| Cette
histoire est dédiée à tous les descendants de ces
pionniers minorquins qui émigrèrent en Algérie, à
partir de 1830. Par "Mahonnais", nous entendons dans leur ensemble,
les émigrants de l'île de Minorque, car tel était
le terme générique que leur donnaient les Français.
Les minorquins ont été les
premiers européens à fouler le sol barbaresque au côté
de l'armée française de conquête; fait exceptionnel
dans l'histoire d'une migration, le pays n'étant ni conquis, ni
pacifié.
Habitée par un peu plus de 39.000
habitants, l'île de Minorque va connaître le plus grand dépeuplement
de son histoire puisque 42% de sa population va prendre le chemin de l'exode.
Le phénomène du départ, pour toujours, de ces insulaires
reste singulier; il ne peut être confondu avec celui des autres
groupes ethniques qui ont peuplé l'Algérie.
Il faut découvrir le port de Mahon
pour mieux saisir et comprendre les raisons du choix de ce lieu par les
vaisseaux de la flotte française. Ce port naturel est l'un des
plus sûr - et des plus commodes - de la méditerranée. Mahon
est situé à égale distance entre Toulon et Alger.

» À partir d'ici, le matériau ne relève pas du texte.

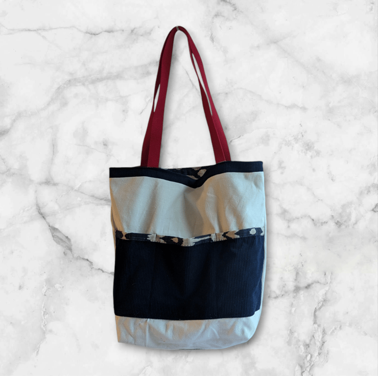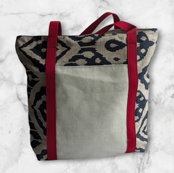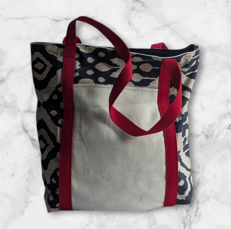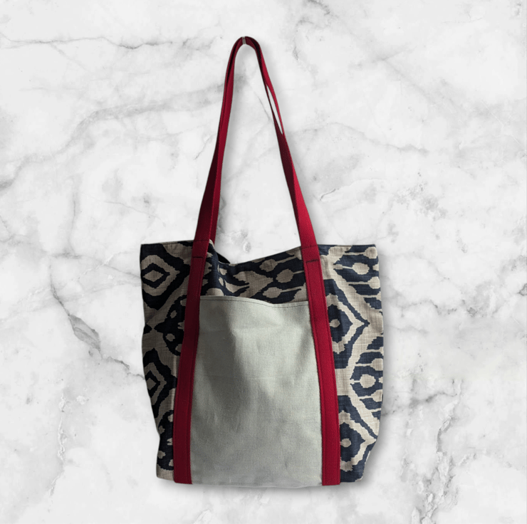 Crafted from luxurious deadstock linen, this ethically sourced tote combines sustainability with timeless style. The striking blue pattern is complemented by bold red webbing shoulder straps, making it both functional and eye-catching.

Mahon devient lieu d'escale, base d'approvisionnement,
mais aussi hôpital du corps expéditionnaire français.
C'est un facteur déterminant très important pour l'émigration
des mahonnais et d'autres minorquins qui saisirent à ce moment-là,
la chance du passage des navires français pour trouver le chemin
de l'exode vers Alger.
L'histoire de ces "Mahonnais"
qui partirent en Algérie entre 1830 et 1880 reste encore aujourd'hui
assez floue et mal connue. En règle générale la migration
comporte plus d'hommes que de femmes et les retours dans l'île sont
fréquents. Cette migration est destinée avant tout au travail
de la terre. Fin 1936 le nombre des mahonnais dépasse à
lui seul le chiffre de 1600 personnes. Ni le travail, ni la terre ne sont
près de leur manquer en Algérie. Cette vague migratoire
est essentiellement familiale. L'accueil des familles fut généralement
très chaleureux.
De Bône à Oran les Mahonnais
sont présents, mais ce sont les alentours d'Alger, zone de leur
première installation, qui en accueille le plus grand nombre avec
Hussein-Dey et surtout Fort de l'Eau
comme pépinières. D'ailleurs, pour tout pied-Noir, Fort
de l'Eau et Mahonnais sont étroitement imbriqués au point
que ça en devient une redondance.
Les Mahonnais font généralement
d'excellents colons. C'est une des populations les plus actives et les
plus utiles d'Algérie : ce sont les Mahonnais qui ont cultivé
presque tous les terrains du massif d'Alger et ils approvisionnent pour
ainsi dire à eux seuls de légumes et de fruits les marchés
de la ville.
Les Mahonnais paraissent vouloir vivre une
vie spécifiquement "mahonnaise". La conception de l'habitat
- le Mahonnais construit de suite une maisonnette propre et naturellement
passée au lait de chaux -, les coutumes, les marques de la vie
sociale, l'endogamie, le code moral dont ils s'entourent. La conception
familiale et l'attachement à la terre étaient des éléments
correspondant exactement à l'attente du gouvernement français
pour l'Algérie.
Ce que la politique coloniale n'avait pas
réussi à faire à cette époque avec les français,
elle le réussira avec les mahonnais. Sobres, travailleurs efficaces
et économes, habiles en agriculture, ne se mêlant pas de
politique générale, dédaignant assistance et bienfaisance,
ayant la réputation, sinon d'être avares, du moins près
de leurs modestes biens.
Les Mahonnais furent considérés
comme des artisans de la colonisation reconnus de tous.